Emerging growth company ☐
If an emerging growth company, indicate by check mark if the registrant has elected not to use the extended transition period for complying with any new or revised financial accounting standards provided pursuant to Section 13(a) of the Exchange Act. ☐
Item 5.03. Amendments to Articles of Incorporation or Bylaws; Change in Fiscal Year.
On November 26, 2019, in connection with its periodic review of corporate governance matters, the Board of Directors (“Board”) of Olympic Steel, Inc. (the “Company”), based on the recommendation of the Nominating and Governance Committee of the Board (the “Governance Committee”), adopted amendments to the Company’s Amended and Restated Code of Regulations (as so amended, the “Regulations”), effective immediately.
As amended, the Regulations now include an advance notice provision with respect to shareholder proposals of business as a complement to the advance notice provision with respect to the nomination of directors.
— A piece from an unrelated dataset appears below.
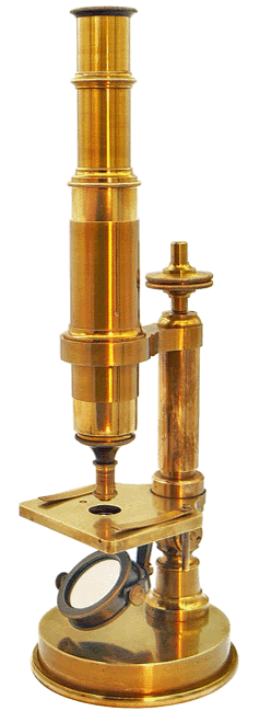 A la manière des microscopes anglais, le tube optique peut, par tirage, prendre une grande longueur en augmentant les grossissements. La hauteur de l'instrument peut passer de 34 à 43 centimètres. |

Additionally, the amendments provide enhanced procedural and disclosure requirements for shareholder proposals of business and the nomination of directors, which are designed to foster greater transparency and a more orderly shareholder meeting process and, among other things, expand the information that shareholder proponents and others (each, a “Proposing Person”) must disclose to the Company, such as information regarding a Proposing Person’s direct and indirect ownership interests in the Company’s securities.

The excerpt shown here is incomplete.